1987 - D-Block, a block generally reserved for post grad students, overseas students and mature age students, was opened to the general college population.
1996 - Earle Page had so few residents they closed down D-Block for the year.
1997 - There was a bomb scare at Politics Dinner, which turned out to be a prank.
1999 - The College won both the Mary Bagnall and Presidents Trophy sporting competitions.
2001 - Two residents (Mary Jones & Tamar Scobie) were killed in a car accident in May and gardens in the main courtyard were built in their memory.
2003 - 40th Anniversary of Earle Page College.
2006 - College SCR member and former Pagite, Dr. Peter Hemphill, died. A memorial garden and plaque was dedicated to his memory and service to the college.
2007 - Earle Page College won the Mary Bagnall Trophy for only the second time in its history. The Annual College Ball was also moved out from the college grounds and held at the Armidale Ex-Services Club for the first time ever.

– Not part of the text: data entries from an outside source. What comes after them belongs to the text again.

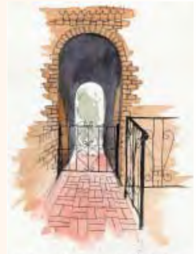
62. Alleyway in Prospect Cottages, Wye Road, Boughton Lees
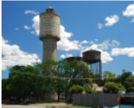
BENALLA WATER SUPPLY DEPOT SOHE 2008
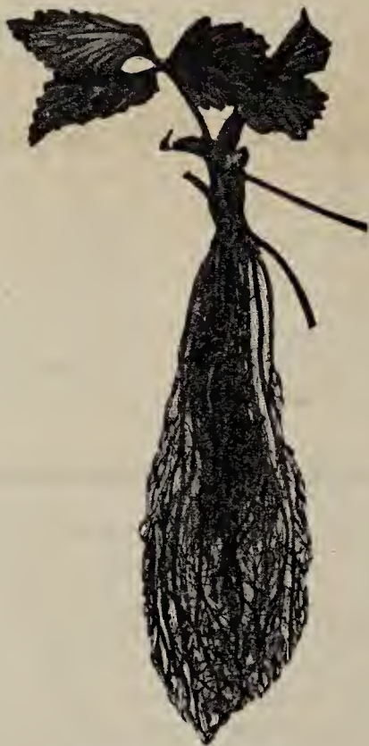
WALLER'S NEWGROUND PLANT

It costs less to fertilize and cultivate good berry plants because their strong system of disease-free roots are ready to grow when you get them. They do not have to be cajoled and pampered by special plowing and fertilizing. Set them on good land and give them proper care and cultivation—the plants will do the rest. Your yield will repay you ten-fold.
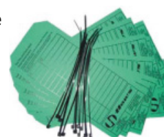
PRODUCT CODE: AM-SP170
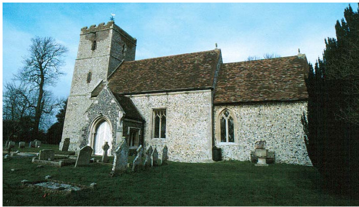
St. Mary's Church, Reed

The Annual Earle Page College Coast Run raised a record $30,000 for the Children's Medical Research Institute.
2008 - Earle Page College placed 1st in both the Sir Frank Kitto (SFK) and Mary Bagnall (MB) competitions, and places highly in the President's Trophy (PT) competition. Sam Loxton, of Don Bradman's 1948 Invincibles is the guest speaker at Sports Dinner, and Senator Bob Brown, leader of the Greens Party is the guest speaker at the annual Politics Dinner.
2009 - 30th anniversary of the Coast Run.
2013 - 50th anniversary of the College and 20th anniversary of the Coast Run Annual Fashion Parade extravaganza.
2020 - Apocalypse - When the College residents where sent home due to Covid an ungodly amount of beer was consumed
2020 - Murphys Return - When trimester 2 ended an ex college student returned named murphy he was 3 story's tall and could hold 6 beers.

College infrastructure 
The college is made up of 4 blocks, A, B, C & D blocks, with a total 10 floors. There is a Bot, Mid & Top floor on each block. There is not Bot B however, as this space is taken up by the laundries and other facilities. Bot D and Mid D are combined into one conglomerate floor known as MOD (Middle Od D). Each floor has its own bathrooms. Attached to the blocks include 2 laundries and drying rooms, an I.T. room, a gallery, a library, an exercise room and 2 music rooms. The college also has a dining hall, with a capacity for around 400, a BBQ area, a Junior Common Room, a Senior Common Room and a college shop run by students of the college.

When women were allowed into Page, all bathroom troughs were to be filled in, however, the men of Top D protested and placed their mattresses over the door to the bathroom, preventing the work from being completed. This is the last physical attribute of the college's all male heritage.

Pastoral and Academic Care 
Each floor on the college is run by a Resident Fellow, who is in charge of pastoral care, these Resident Fellows are there to help guide and care for all residents on the floor and the college. These Resident Fellows are selected by a Panel of Senior Residents and College Leaders.

There is also an Academic Mentor on each floor as well. Academic Mentors are there to help the floor with any academic issues that may arise, also to provide study workshops and insightful guides to a wide range of academic disciplines.

These two Committees are run by the Senior Resident Fellow and Senior Academic Mentor, along with the President of the Junior Common Room and the three main leaders of the College.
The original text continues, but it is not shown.